Alejandra Thomas, a New York City-based software engineer and technology content creator, said she runs tests on every new model released to see what’s great about each.
“I try not to use the most expensive or advanced model just because it’s available. For simple tasks, I always use a lighter model or don’t use it at all,” Thomas said.
Ed Stevens, CEO of AI sales company Scoot, said he likes to “pick a horse and ride it.” His engineers develop a model, try it out for a few months, and then decide whether it’s satisfactory. If there’s a shiny new model, or if they think they can do the same thing for less, they’ll change horses, Stevens says.
The idea of squeezing the juice out of each token embodies the idea of scarcity, said behavioral economist and Duke University professor Dan Ariely.
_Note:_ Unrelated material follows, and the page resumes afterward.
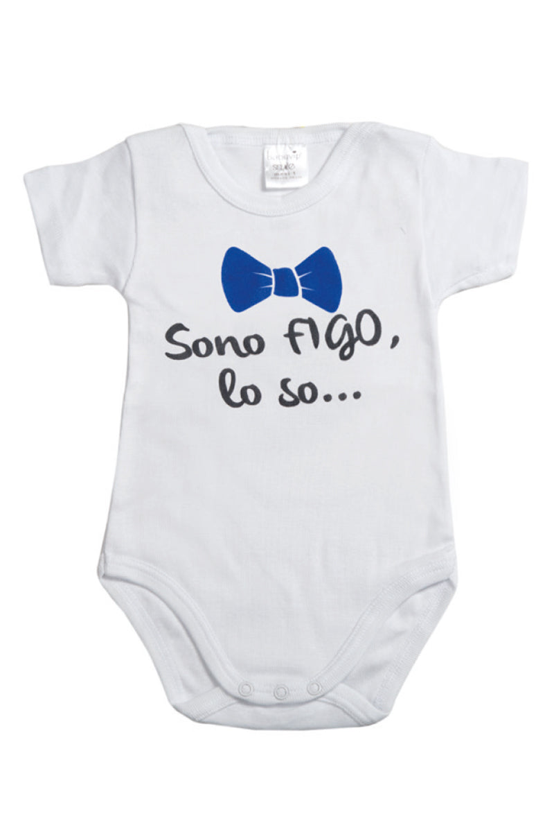Body mezza manica in cotone con stampa "Sono Figo, lo so..."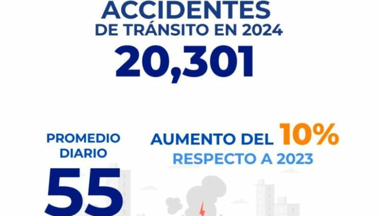 Los datos estadísticos reflejan un aumento del 10% en comparación al mismo período de 2023, cuando se reportaron 18,463 es decir, 50 al día. Esto refleja una variación de 1,838 accidentes.

Ariely said the token budget is reminiscent of cell phones back in the day, when talk time was limited. He said people will try to maximize their call time at the end of the month, even if it means calling someone they don’t really want to.
“Tokens create a model of scarcity where people can’t use them as much as they want. It creates a usage goal and a mentality that if people don’t reach their goals, it’s wasted,” he said. He added that users switch to other companies’ models to save cash when they reach their token limit, as they don’t want to pay extra fees for each use beyond the limit.
There’s a tool for that
Maximizing your AI model may sound like a hassle, but luckily you don’t have to make these switching decisions yourself.
Model routing startups are all the rage. These companies offer software that directs tasks to specific models (sometimes including open source) based on complexity. These are venture hits, and cash is raining down on startups like OpenRouter.
David Gilmore runs one of these companies, Leyline. His tools intercept requests and determine whether they can be moved to a cheaper, often open-source model. He says many of his company’s clients fall prey to “FOMO moments.” Then you get an API bill and realize you need to scale back.
The number of companies using routing platforms is slowly increasing, Lamp’s chief economist Ara Karazian told Business Insider. Last year, Kharazian found that about 1% of companies were using model routers. This year it is 5%.
San Francisco-based investment firm BlockSpaceForce uses OpenRouter, Fireworks, and Together AI. Spencer Yang, the firm’s managing partner, also suggested considering cheaper models first to see if your job requires a more expensive model.
“In fact, the models themselves are getting very good at assessing their own complexity,” Yang says.
Some companies continue to use the latest and most expensive models by default. Maconi, co-founder of Hecura, blamed it on laziness.
“People don’t want the hard work of figuring out which models are better at which features,” he said. “They just want to ride on the hype.”